SDS-PAGE and Western blot analysis of insulin and IGF-I receptor beta-subunit proteins. Levels of total and activated insulin and IGF-I receptor beta-subunit proteins were analyzed with SDS-PAGE and Western blot analysis using standard methods. The samples were thawed, vortexed, and centrifuged and subsequently loaded onto a precast Tris·HCl gel with 7.5% (vol/vol) polyacrylamide (Bio-Rad, Sundbyberg, Sweden), where the proteins were separated by SDS-PAGE. After electrophoresis the proteins were transferred onto a polyvinylidene difluoride membrane (Bio-Rad) and incubated in block solution on a shaker for 1 h at room temperature. When immunoblotting with anti-phosphotyrosine (PY20) antibody, 3% (wt/vol) BSA in Tris-buffered saline (TBS; 0.05 M TrizmaBase, 0.15M NaCl at pH 7.5) with 0.1% (vol/vol) Tween-20 (TBS-T) was used as blocking agent, and for the anti-receptor beta-subunit antibodies 5% (wt/vol) nonfat milk in TBS-T was used. The membrane was then incubated in primary antibody solution on a rocker overnight at 4°C. Primary antibodies used for immunoblotting studies included monoclonal mouse PY20 antibody, polyclonal rabbit anti-IR beta-subunit antibody (C-19), and polyclonal rabbit anti-IGF-IR beta-subunit antibody (C-20), all purchased from Santa Cruz Biotechnology. The next day, the membranes were washed four times in TBS-T and incubated with a horseradish peroxidase (HRP)-conjugated antibody for 1 h on a shaker at room temperature. The activated receptor beta-subunits were detected with 0.2 µg/ml PY20 antibody and 0.17 µg/ml HRP-conjugated sheep anti-mouse antibody (Amersham Biosciences, Uppsala, Sweden). The total amount of receptor beta-subunit proteins was detected using 0.2 µg/ml anti-IGF-IR (C-20) or anti-IR (C-19) together with 0.018 µg/l HRP-conjugated goat anti rabbit antibody bought from Zymed (San Francisco, CA). The proteins were visualized with enhanced chemiluminescence (ECL) detection reagents and exposure to Hyperfilm ECL, both from Amersham Biosciences. After detection of activated receptor beta-subunits with PY20 the membranes were stripped through incubation in stripping buffer [2% (wt/vol) SDS, 62.5 mM Tris·HCl, and 0.1 M beta-mercaptoethanol] for 30 min at 60°C and then reprobed with anti-receptor beta-subunit antibodies to detect the total amounts of receptor beta-subunit proteins.

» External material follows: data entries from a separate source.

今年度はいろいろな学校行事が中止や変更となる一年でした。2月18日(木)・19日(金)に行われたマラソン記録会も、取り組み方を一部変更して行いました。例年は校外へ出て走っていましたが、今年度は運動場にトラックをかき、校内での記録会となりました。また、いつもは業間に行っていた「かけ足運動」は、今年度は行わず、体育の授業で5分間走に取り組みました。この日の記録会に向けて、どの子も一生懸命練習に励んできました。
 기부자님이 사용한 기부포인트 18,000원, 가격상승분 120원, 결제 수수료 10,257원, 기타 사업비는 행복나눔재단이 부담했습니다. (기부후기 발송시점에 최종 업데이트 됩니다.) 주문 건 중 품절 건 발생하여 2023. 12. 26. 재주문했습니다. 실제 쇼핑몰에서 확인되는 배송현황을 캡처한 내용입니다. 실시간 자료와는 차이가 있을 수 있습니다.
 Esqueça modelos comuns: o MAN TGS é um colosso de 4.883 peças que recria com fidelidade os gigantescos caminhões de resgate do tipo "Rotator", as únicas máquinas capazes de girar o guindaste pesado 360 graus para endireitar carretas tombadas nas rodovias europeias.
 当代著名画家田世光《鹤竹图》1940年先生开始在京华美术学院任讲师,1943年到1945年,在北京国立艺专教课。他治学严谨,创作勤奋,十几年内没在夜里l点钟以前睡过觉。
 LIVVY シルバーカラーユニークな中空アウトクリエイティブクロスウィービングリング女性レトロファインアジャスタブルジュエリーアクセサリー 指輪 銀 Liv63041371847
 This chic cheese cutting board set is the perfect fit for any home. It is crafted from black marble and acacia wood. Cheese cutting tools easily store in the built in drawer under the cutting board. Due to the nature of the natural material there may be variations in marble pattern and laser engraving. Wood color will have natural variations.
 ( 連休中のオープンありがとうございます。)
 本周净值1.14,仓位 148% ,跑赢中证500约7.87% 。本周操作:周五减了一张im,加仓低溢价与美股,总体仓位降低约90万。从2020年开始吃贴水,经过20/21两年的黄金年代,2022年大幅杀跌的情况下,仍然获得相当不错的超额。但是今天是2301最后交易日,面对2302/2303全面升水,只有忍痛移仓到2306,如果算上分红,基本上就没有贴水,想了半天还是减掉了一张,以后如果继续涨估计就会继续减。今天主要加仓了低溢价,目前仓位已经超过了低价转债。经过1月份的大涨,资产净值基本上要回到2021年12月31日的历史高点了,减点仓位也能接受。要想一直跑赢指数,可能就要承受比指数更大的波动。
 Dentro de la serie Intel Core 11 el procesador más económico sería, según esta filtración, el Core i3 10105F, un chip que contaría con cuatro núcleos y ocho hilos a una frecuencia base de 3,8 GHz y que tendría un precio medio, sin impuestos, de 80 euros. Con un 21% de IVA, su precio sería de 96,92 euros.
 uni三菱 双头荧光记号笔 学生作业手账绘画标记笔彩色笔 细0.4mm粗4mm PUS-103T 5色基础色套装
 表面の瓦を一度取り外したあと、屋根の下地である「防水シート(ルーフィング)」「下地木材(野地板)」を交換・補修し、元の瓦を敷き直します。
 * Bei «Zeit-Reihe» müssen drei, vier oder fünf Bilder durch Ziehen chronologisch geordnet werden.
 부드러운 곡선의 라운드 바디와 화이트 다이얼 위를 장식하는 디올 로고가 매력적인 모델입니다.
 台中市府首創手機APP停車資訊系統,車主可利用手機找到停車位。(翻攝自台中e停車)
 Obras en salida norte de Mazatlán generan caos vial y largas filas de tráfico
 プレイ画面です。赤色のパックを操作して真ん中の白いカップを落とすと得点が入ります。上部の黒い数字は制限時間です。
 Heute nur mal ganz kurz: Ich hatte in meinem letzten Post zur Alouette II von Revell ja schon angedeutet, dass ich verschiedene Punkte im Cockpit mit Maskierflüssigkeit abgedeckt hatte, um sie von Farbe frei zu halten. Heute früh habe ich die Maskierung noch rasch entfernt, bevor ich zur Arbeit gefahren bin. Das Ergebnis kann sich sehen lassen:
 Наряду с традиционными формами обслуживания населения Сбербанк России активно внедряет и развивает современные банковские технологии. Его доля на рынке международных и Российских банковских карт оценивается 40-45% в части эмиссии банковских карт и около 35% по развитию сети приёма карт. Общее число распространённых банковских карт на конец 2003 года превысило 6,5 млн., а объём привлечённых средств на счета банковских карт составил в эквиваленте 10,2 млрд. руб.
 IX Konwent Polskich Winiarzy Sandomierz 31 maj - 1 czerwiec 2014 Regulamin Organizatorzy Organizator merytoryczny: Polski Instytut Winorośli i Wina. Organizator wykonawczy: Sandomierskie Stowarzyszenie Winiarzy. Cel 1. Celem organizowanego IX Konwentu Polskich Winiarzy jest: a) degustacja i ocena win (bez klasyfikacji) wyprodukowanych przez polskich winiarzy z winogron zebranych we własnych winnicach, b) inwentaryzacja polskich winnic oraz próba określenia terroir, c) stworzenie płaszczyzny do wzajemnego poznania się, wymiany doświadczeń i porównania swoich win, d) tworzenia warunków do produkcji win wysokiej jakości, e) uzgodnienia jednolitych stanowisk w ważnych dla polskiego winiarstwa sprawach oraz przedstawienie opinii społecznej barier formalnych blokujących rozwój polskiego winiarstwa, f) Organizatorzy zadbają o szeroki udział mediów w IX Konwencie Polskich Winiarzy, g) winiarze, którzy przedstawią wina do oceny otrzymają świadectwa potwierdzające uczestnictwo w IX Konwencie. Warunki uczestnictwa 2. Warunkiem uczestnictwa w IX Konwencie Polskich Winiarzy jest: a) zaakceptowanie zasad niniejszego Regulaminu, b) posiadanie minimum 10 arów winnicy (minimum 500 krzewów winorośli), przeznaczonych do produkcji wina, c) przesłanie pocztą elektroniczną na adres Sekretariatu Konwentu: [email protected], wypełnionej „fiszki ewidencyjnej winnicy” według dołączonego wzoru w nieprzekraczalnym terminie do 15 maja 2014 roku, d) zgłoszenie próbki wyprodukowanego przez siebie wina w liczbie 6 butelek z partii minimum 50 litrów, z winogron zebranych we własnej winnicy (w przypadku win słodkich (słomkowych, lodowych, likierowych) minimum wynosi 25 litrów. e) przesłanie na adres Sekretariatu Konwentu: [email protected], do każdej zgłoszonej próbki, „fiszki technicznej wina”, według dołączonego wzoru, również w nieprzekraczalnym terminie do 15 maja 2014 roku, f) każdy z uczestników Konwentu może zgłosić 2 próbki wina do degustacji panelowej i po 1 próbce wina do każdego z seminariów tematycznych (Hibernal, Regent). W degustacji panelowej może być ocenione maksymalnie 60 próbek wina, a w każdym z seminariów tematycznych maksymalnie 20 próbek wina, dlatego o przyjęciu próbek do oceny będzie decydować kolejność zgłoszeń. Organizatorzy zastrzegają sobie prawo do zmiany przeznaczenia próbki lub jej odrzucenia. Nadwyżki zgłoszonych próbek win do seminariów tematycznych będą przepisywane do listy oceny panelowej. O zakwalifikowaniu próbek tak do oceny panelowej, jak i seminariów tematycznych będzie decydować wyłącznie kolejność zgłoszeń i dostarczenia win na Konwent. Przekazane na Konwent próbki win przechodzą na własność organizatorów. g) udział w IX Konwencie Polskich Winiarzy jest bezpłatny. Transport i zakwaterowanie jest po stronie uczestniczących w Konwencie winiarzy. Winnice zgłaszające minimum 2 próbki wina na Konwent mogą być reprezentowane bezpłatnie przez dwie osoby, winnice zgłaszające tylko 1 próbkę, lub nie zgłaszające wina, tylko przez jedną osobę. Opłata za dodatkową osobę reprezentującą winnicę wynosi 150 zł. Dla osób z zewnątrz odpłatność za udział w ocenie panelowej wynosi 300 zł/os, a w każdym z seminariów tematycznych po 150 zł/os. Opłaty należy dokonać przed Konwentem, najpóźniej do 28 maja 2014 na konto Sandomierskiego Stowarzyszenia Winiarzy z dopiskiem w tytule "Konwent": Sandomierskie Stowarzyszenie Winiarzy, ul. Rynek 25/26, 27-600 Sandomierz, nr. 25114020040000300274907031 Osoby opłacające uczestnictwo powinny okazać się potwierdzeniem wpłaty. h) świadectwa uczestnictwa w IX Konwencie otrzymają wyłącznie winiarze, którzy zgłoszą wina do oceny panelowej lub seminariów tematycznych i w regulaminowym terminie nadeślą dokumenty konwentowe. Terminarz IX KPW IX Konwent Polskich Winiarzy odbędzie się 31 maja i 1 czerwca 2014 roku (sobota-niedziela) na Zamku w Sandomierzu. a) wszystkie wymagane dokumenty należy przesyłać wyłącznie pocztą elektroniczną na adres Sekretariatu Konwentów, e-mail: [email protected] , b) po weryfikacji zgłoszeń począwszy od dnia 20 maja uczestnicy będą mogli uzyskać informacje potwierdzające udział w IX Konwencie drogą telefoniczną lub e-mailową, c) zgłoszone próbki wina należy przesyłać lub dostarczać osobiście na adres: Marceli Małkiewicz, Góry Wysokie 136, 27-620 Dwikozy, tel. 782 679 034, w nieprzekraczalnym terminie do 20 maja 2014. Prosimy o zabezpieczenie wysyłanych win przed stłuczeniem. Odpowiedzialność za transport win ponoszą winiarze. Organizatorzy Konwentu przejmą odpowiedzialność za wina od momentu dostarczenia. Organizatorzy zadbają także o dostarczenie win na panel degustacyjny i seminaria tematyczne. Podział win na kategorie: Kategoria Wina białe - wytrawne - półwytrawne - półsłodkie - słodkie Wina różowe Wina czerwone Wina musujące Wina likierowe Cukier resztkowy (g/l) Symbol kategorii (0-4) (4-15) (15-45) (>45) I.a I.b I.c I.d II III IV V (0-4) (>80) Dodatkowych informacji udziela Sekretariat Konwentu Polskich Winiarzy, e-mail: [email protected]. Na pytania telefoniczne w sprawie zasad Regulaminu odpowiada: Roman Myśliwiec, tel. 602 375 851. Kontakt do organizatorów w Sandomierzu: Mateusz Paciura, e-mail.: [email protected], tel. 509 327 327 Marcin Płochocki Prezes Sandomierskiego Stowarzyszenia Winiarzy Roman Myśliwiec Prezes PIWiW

D-[U-14C]glucose accumulation. The effect of hormones on glucose metabolism was analyzed as accumulation of D-[U-14C]glucose (Amersham Biosciences) into the cells. Near-confluent cultures of VSMCs were grown on six-well plates and starved for 16–24 h in serum-free DMEM. Next, they were incubated with new serum-free DMEM with D-[U-14C]glucose (0.2 µCi/ml) and hormones at indicated concentrations for 3 h. The cells were then washed three times with PBS and lysed with 0.5 ml 0.1% (wt/vol) SDS for 10 min at room temperature. Of this cell solution, 0.4 ml were added to 4 ml UltimaGold scintillation fluid (CiAB, Lidingö, Sweden), and the radioactivity was measured in a liquid scintillation counter (Rackbeta 1217; LKB Wallac). The data were expressed as percentage above unstimulated control cell radioactivity.

[6-3H]thymidine incorporation. DNA synthesis was quantified as [6-3H]thymidine (Amersham Biosciences) incorporation into DNA according to a modified method of Nilsson and Thyberg (27). The cells were grown on 12-well plates and, when near confluent, serum starved for 18–20 h in serum-free F-12 medium. They were then stimulated for 17 h with new serum-free F-12 medium supplemented with [6-3H]thymidine (2 µCi/ml) and hormones at indicated concentrations. The cells were washed free of medium with PBS, and the DNA was precipitated with ice-cold 5% (wt/vol) trichloroacetic acid for 20 min at 4°C. The cells were then solubilized in 0.5 ml of 0.1 M potassium hydroxide for 1–2 h at room temperature. To 4 ml of UltimaGold scintillation fluid, 0.4 ml of cell solution were added, and the radioactivity was measured in a liquid scintillation counter (Rackbeta 1217). The data were expressed as percentage above unstimulated control cell radioactivity.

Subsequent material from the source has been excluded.